(Dataset content):
..........
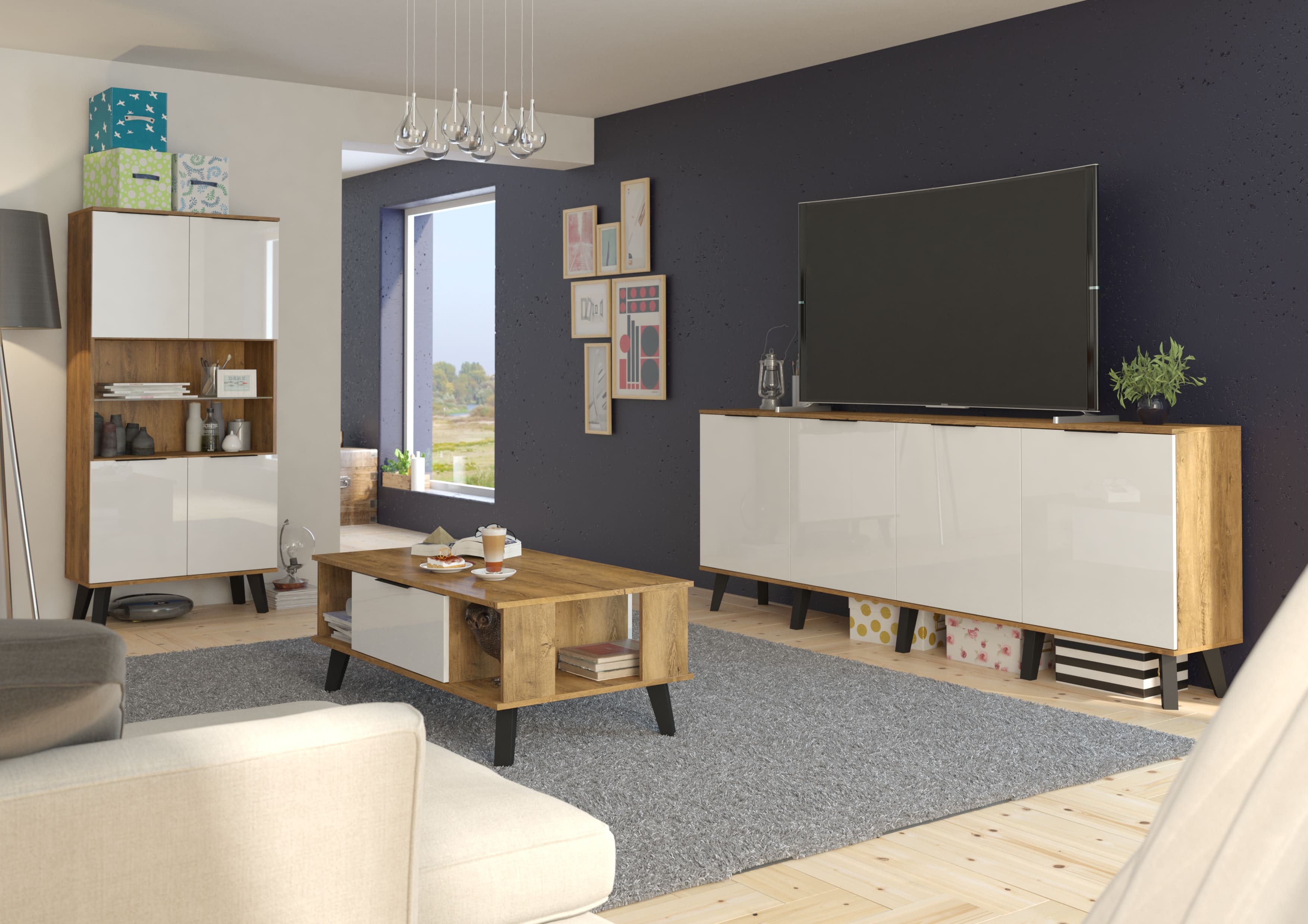 Obývací stěnu vám dodáme v demontu. Jednotlivé části sestavy si můžete také objednat samostatně, či je zkombinovat s jinými prvky kolekce Sven a vytvořit si tak obývák podle svých preferencí.
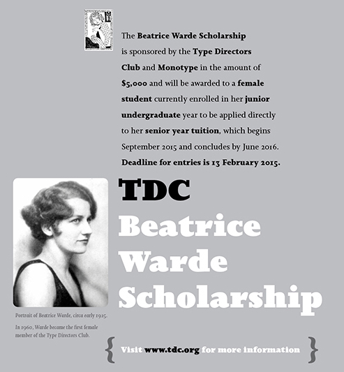 Die am 20. September 1900 geborene Journalistin, Typografin und Lehrende Beatrice Warde war das erste weibliche Mitglied des Type Directors Club New York. Das war für den TDC Grund genug, um mit Unterstützung von Monotype ein mit 5000 Dollar dotiertes Stipendium ins Leben zu rufen. Damit soll vonSeptember 2015 bis Mai 2016 eine weibliche Studentin unterstützt werden, die besonderes typografisches Talent an den Tag legt.
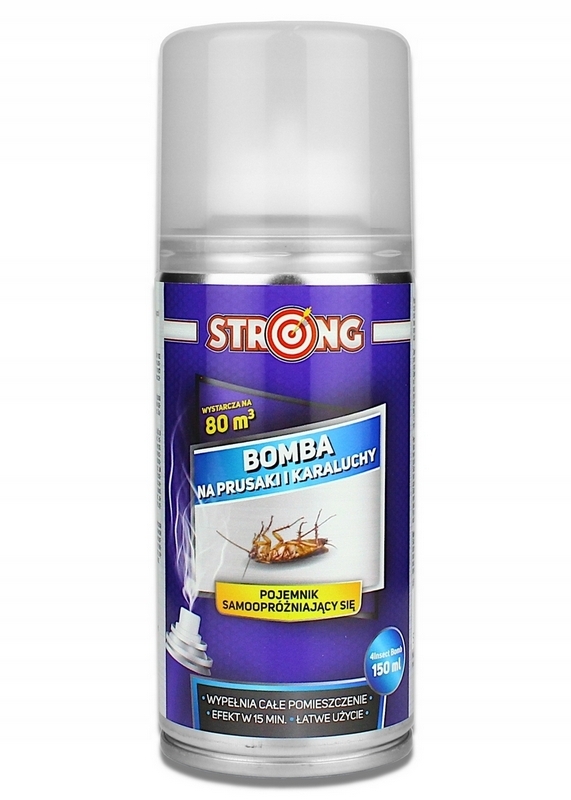STRONG 4INSECT BOMB to produkt owadobójczy przeznaczony do zwalczania owadów biegających takich jak karaczan wschodni, przybyszka amerykańska, prusak i inne. Insektycyd STRONG służy do przeprowadzenia profesjonalnej dezynsekcji w domowych warunkach, do użytku powszechnego. Preparat może być stosowany w pomieszczeniach mieszkalnych i magazynowych, garażach, lokalach użyteczności publicznej, pomieszczeniach gospodarczych, obiektach handlowych, hotelach itp.
..........
(Instructions to follow): Quote exactly the lines from the line that contains "Die am 20. September" through the last line of the listing, please, leaving out all pictures.

(Solution):
 Die am 20. September 1900 geborene Journalistin, Typografin und Lehrende Beatrice Warde war das erste weibliche Mitglied des Type Directors Club New York. Das war für den TDC Grund genug, um mit Unterstützung von Monotype ein mit 5000 Dollar dotiertes Stipendium ins Leben zu rufen. Damit soll vonSeptember 2015 bis Mai 2016 eine weibliche Studentin unterstützt werden, die besonderes typografisches Talent an den Tag legt.
STRONG 4INSECT BOMB to produkt owadobójczy przeznaczony do zwalczania owadów biegających takich jak karaczan wschodni, przybyszka amerykańska, prusak i inne. Insektycyd STRONG służy do przeprowadzenia profesjonalnej dezynsekcji w domowych warunkach, do użytku powszechnego. Preparat może być stosowany w pomieszczeniach mieszkalnych i magazynowych, garażach, lokalach użyteczności publicznej, pomieszczeniach gospodarczych, obiektach handlowych, hotelach itp.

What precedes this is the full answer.